電車の時代を目指して! 上
現代日本で走る鉄道車両を思い浮かべろと問われれば、おそらく多くの人が電気で走る電車を思い浮かべるだろう。かく言う俺自身、地球にいた頃圧倒的に乗車する鉄道車両は、地元を走る電車だった。
言うまでも無く、日本の鉄道の最初の車輌はイギリスから輸入され、その動力は唯一無二と言うべき蒸気機関だった。
「汽笛一声新橋の~」と、蒸気機関車の汽笛から始まる鉄道唱歌冒頭の歌詞は有名すぎる。
ところで、この蒸気機関は地球では産業革命の原点であり、急速な科学文明の進化を推し進める端緒となった発明だが、そのエネルギー効率自体はそれほど良くない。
確かに蒸気機関は、偉大な発明だ。それによって成し遂げられた産業革命以後の人類の技術的な進歩は著しい。
しかし、そもそも蒸気機関は簡単に言ってしまうと、お湯が沸いたやかんの蓋が、カタカタと音を立てる現象の延長に過ぎない。
石炭を燃やして水を沸かし、そこから得られる蒸気の圧力で、ピストンやクランクを動かし、最終的に車輪に動力を伝えて走らせるのが蒸気機関車だ。その過程で膨大なエネルギーが喪われ、動力として取り出せるエネルギーは数パーセントと言われている。
しかも石炭を燃やす蒸気動力の場合、仕組みとしては単純だが、重くて扱うのに人手を要するのも欠点だ。煤煙も出るし、石炭殻も出る。固体だから輸送するのにも貯蓄するのにも不便な面がある。
だから人類は、次なる動力機関を求めた。それが石油を使ったガソリンやディーゼルエンジンだ。石炭よりも圧倒的に少量で、より大きなエネルギーを取り出せる。煤煙も石炭より少ないし、石炭殻ほどゴミも出ない。

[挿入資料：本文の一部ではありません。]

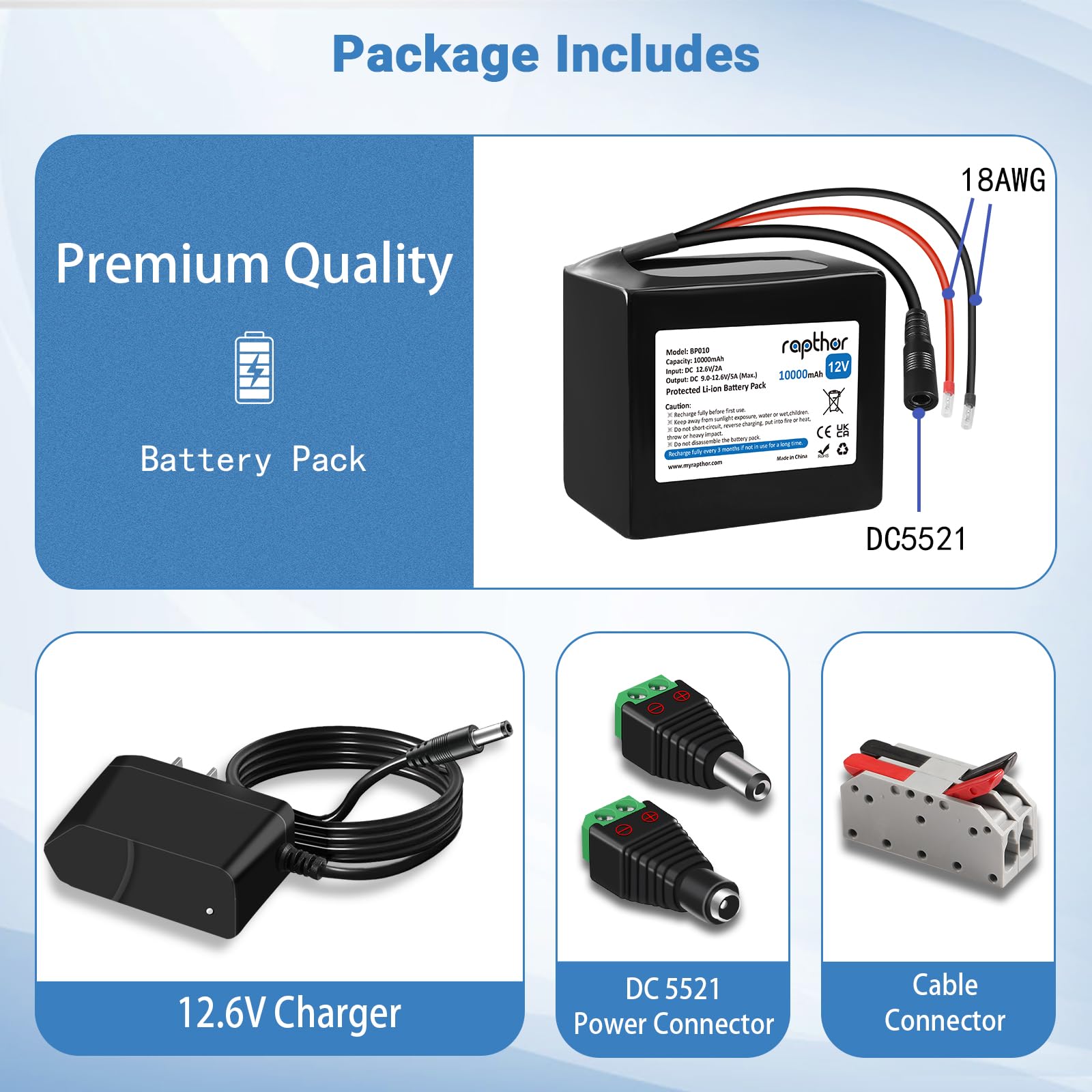 This 10000mAh lithium ion battery pack with DC 9.0-12.6V/5A (Max) output, the input is DC12.6V/2A. It comes with 12.6V/2A Charger, DC 5521 female and male connector and cable connector, great choice to do the DIY projects.

ただし、石炭以上に掘り出すのが大変なのと、さらに石炭のそれに比べるとより緻密なメカとなる。
日本でも鉄道用の石油機関は試行錯誤で、戦前は技術が一歩進んでいたガソリンエンジンが主流だったが、ガソリンは万が一の事故の際に燃えやすいという欠点がある。1940年に大阪の城東線で起きた脱線事故では、脱線車輌のガソリンタンクが炎上して車体が全焼し、多くの犠牲者を出してしまった。
そして戦後はディーゼル動車が幅を効かせたけど、こちらは中々大馬力エンジンを作れず、苦労している。キハ91系の悲劇なんてものもあったし。
そんな直接燃やすエンジンでは無く、一度そうした動力で発電した電力を架線(或いはサードレール)経由で受け取り、モーターに流して動かすのが電車だ。
日本では京都で日本初めての電気鉄道開通が有名だけど、そもそも電車の運行は琵琶湖からの疎水を使って得た電力の有効活用から始まっている。
戦前の日本において、電気を使用するのは工場か鉄道とか産業関係が大口で、電化製品がほとんどないから家庭での利用は灯とラジオくらいだった。
明治期に至っては、せっかく発電しても売り先に困るくらいだった。だから、電力会社が次々に鉄道の運営に参画した。元を辿れば電力会社から始まっている鉄道会社は、大手にもあるくらいだ。
我がヤマシタ公爵領でも、来たる電化鉄道時代を見据えて火力発電所を稼働させている。
とはいえ、現状では電気による鉄道は明治の日本同様、せいぜい路面鉄道に使えるくらいだ。
そちらについては、領都トセで開業に向けて着々と計画を進めている。だけど、それも数年後。
今はと言えば。
「パパ、走った走った!」
「おう、早いだろ!」
「早い早い!」
我が息子と娘たちが、屋敷の一室に設けた鉄道模型のジオラマを走る電車の模型に喜んでいる。
街の手先の器用な職人に作らせた、この国初の鉄道模型を楽しむだけである。